Aim of the task: Could you restate, exactly and with nothing added, the lines from the start of the data through the line that holds "Ansøgningsnr.: AI 2006", leaving the pictures out?

Exercise material:
....................
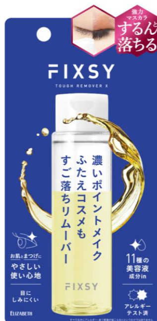
フィクシー タフリムーバーX <ポイントメイクアップリムーバー>
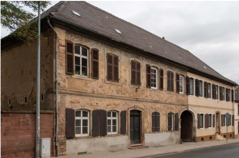
Die ehemalige fürstliche Kaserne in der Neumayerstraße in Kirchheimbolanden (2023)
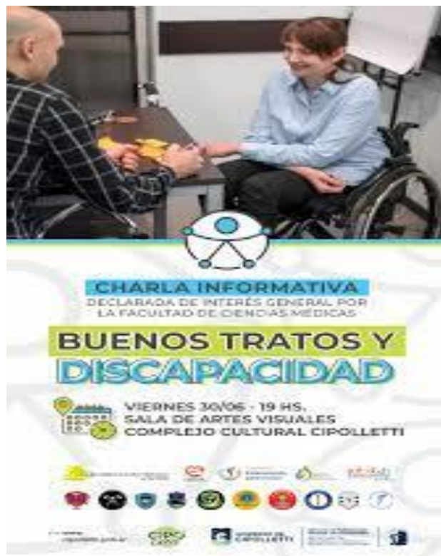
- Imagen 15. Invitación "Charla Buenos Tratos"-
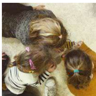
Centre Bretagne Nature
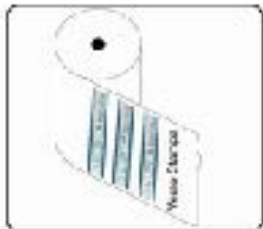
A) Formato adesivo 80 x 17 mm

i contrassegni adesivi vengono forniti dal Poligrafico secondo il senso di svolgimento riportato nelle immagini sottostanti.
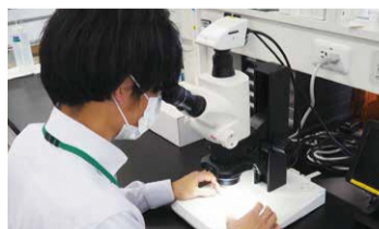
顕微鏡での結果確認
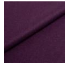
Audinys Wooly 2255 Dark lilac 1038891
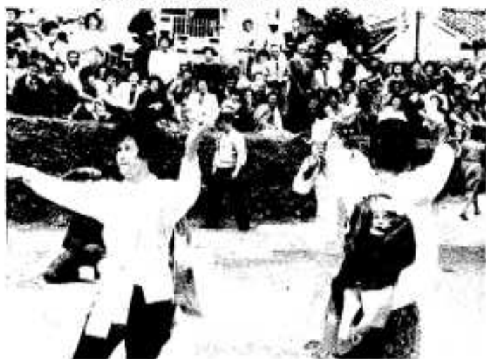
「踊りよりも、私の顔を見てよね」
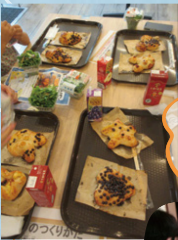
みんなでいただきます!
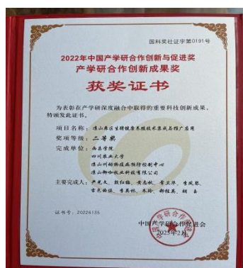
荣获产学研合作创新成果奖二等奖
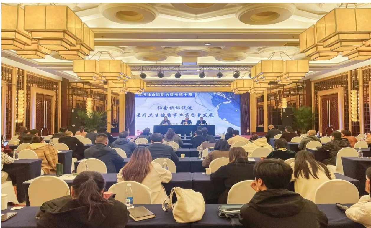
▲聚焦医疗卫生健康行业社会组织开展培训
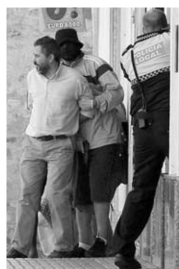
Imagen de un atraco con rehenes a una sucursal bancaria en la localidad de Tarifa (Cádiz). Año 2007.
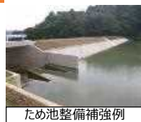
ため池整備補強例

【対象箇所】 ・南国市中部1期地区 ほか15地区 【3か年事業費】3,159百万円
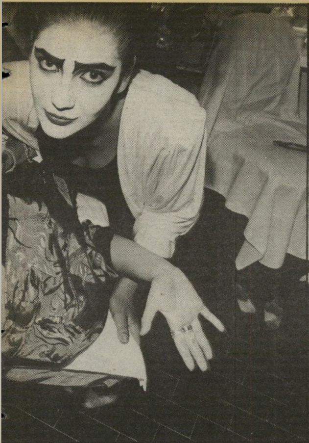
הצילו אחת מהבחורות המאופרות שוכבת על מיטה, כששתי בנות מאופרות רוכנות מעליה. הבנות, שהיו יפות לפני ביצוע היצירה המפוארת על פניהן, זכו בכינויים מעניינים כמו: «חתולת
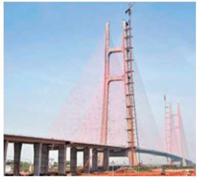
九江新長江大橋本月底通車。網上圖片

香港文匯報訊(記者 王道 綜合報導)據江西省交通部門消息，九江新長江大橋將於本月底建成通車，老橋將進行為期3年的封閉擴改建。九江新長江大橋全線雙向六車道，設計時速100公里，貫通了福銀高速的江西和湖北段。與之前的老橋的雙向兩車道相比，九江新長江大橋的通車將大大緩解過江交通壓力。
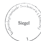
Neuber amtierende Verbandsgemeindebürgermeisterin

Hansestadt Seehausen (Altmark), 16.11.2012
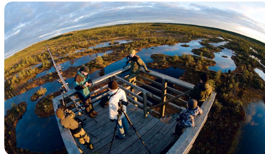
Linnuvaatlustorn Endla looduskaitsealal

linde. Tegu on tähtsaima maamärgiga nii veekui ka röövlindudele, aga ka miljonitele värvuliste . Aegade jooksul on selles piirkonnas nähtud üle 270 linnuliigi, parematel rändepäevadel võib neist vabalt pooled ära näha. Just selline rändeelamus meelitabki igal sügisel magnetina Sõrve kokku linnusõpru üle kogu maailma.
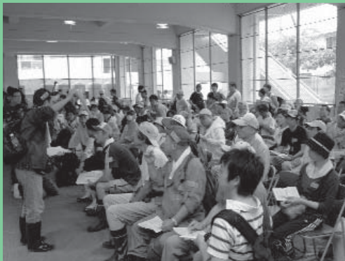
ボランティアのマッチングの様子

阪神・淡路大震災からまもなく15年となりますが、兵庫県ではボランティアの精神や助け合いの精神が確実に根づいていることがうかがえます。
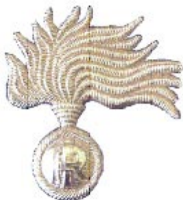
Conventional Arms no. 2A (solid) Emblème Conventionnel no. 2A (plein)

Ansøgningsnr.: AI 2006 00149 Ansøgt: 23. september 2006
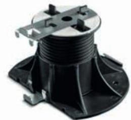
Abbildung 2: Stufenclip-Set an Stelzlager montiert
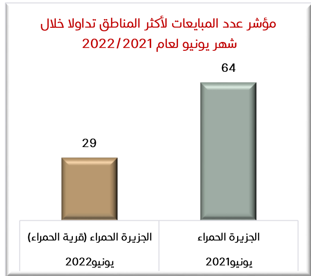
رسمه رقم (2)
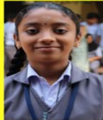
DEVU V R CLASS: VIII B
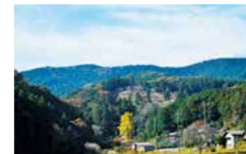
9 虚空蔵尊さくら山
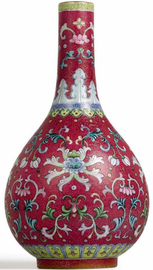
清乾隆 紫红地洋彩轧道锦上添花胆瓶 《大清乾隆年制》款 估价: 4,000万-6,000万港元
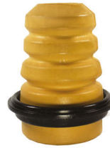
JUMPER III-BOXER II-DUCATO III
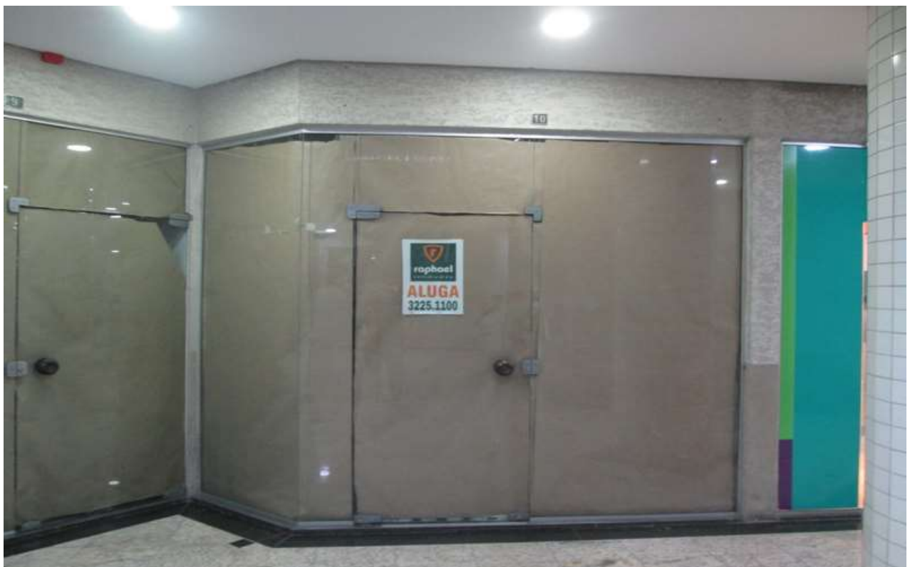
Figura 6 - Fachada da Loja 10
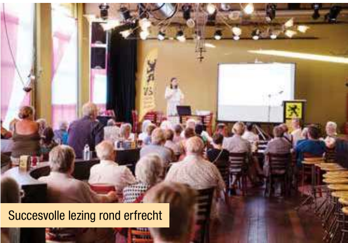
Succesvolle lezing rond erfrecht

De seniorenafdeling van N-VA Sint-Niklaas VSI gaf meer informatie en duidelijkheid over het erfrecht in Vlaanderen. De uiteenzetting in De Foyer werd druk bijgewoond. Een notaris gaf de aanwezigen antwoorden op hun vragen, bezorgdheden en praktische bekommernissen.
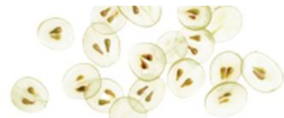
Complexe Vital Repair+

Le beurre de karité biologique hydrate et apaise les cils fragiles.
....................
Result of the task:
フィクシー タフリムーバーX <ポイントメイクアップリムーバー>
Die ehemalige fürstliche Kaserne in der Neumayerstraße in Kirchheimbolanden (2023)
- Imagen 15. Invitación "Charla Buenos Tratos"-
Centre Bretagne Nature
A) Formato adesivo 80 x 17 mm

i contrassegni adesivi vengono forniti dal Poligrafico secondo il senso di svolgimento riportato nelle immagini sottostanti.
顕微鏡での結果確認
Audinys Wooly 2255 Dark lilac 1038891
「踊りよりも、私の顔を見てよね」
みんなでいただきます!
荣获产学研合作创新成果奖二等奖
▲聚焦医疗卫生健康行业社会组织开展培训
Imagen de un atraco con rehenes a una sucursal bancaria en la localidad de Tarifa (Cádiz). Año 2007.
ため池整備補強例

【対象箇所】 ・南国市中部1期地区 ほか15地区 【3か年事業費】3,159百万円
הצילו אחת מהבחורות המאופרות שוכבת על מיטה, כששתי בנות מאופרות רוכנות מעליה. הבנות, שהיו יפות לפני ביצוע היצירה המפוארת על פניהן, זכו בכינויים מעניינים כמו: «חתולת
九江新長江大橋本月底通車。網上圖片

香港文匯報訊(記者 王道 綜合報導)據江西省交通部門消息，九江新長江大橋將於本月底建成通車，老橋將進行為期3年的封閉擴改建。九江新長江大橋全線雙向六車道，設計時速100公里，貫通了福銀高速的江西和湖北段。與之前的老橋的雙向兩車道相比，九江新長江大橋的通車將大大緩解過江交通壓力。
Neuber amtierende Verbandsgemeindebürgermeisterin

Hansestadt Seehausen (Altmark), 16.11.2012
Linnuvaatlustorn Endla looduskaitsealal

linde. Tegu on tähtsaima maamärgiga nii veekui ka röövlindudele, aga ka miljonitele värvuliste . Aegade jooksul on selles piirkonnas nähtud üle 270 linnuliigi, parematel rändepäevadel võib neist vabalt pooled ära näha. Just selline rändeelamus meelitabki igal sügisel magnetina Sõrve kokku linnusõpru üle kogu maailma.
ボランティアのマッチングの様子

阪神・淡路大震災からまもなく15年となりますが、兵庫県ではボランティアの精神や助け合いの精神が確実に根づいていることがうかがえます。
Conventional Arms no. 2A (solid) Emblème Conventionnel no. 2A (plein)

Ansøgningsnr.: AI 2006 00149 Ansøgt: 23. september 2006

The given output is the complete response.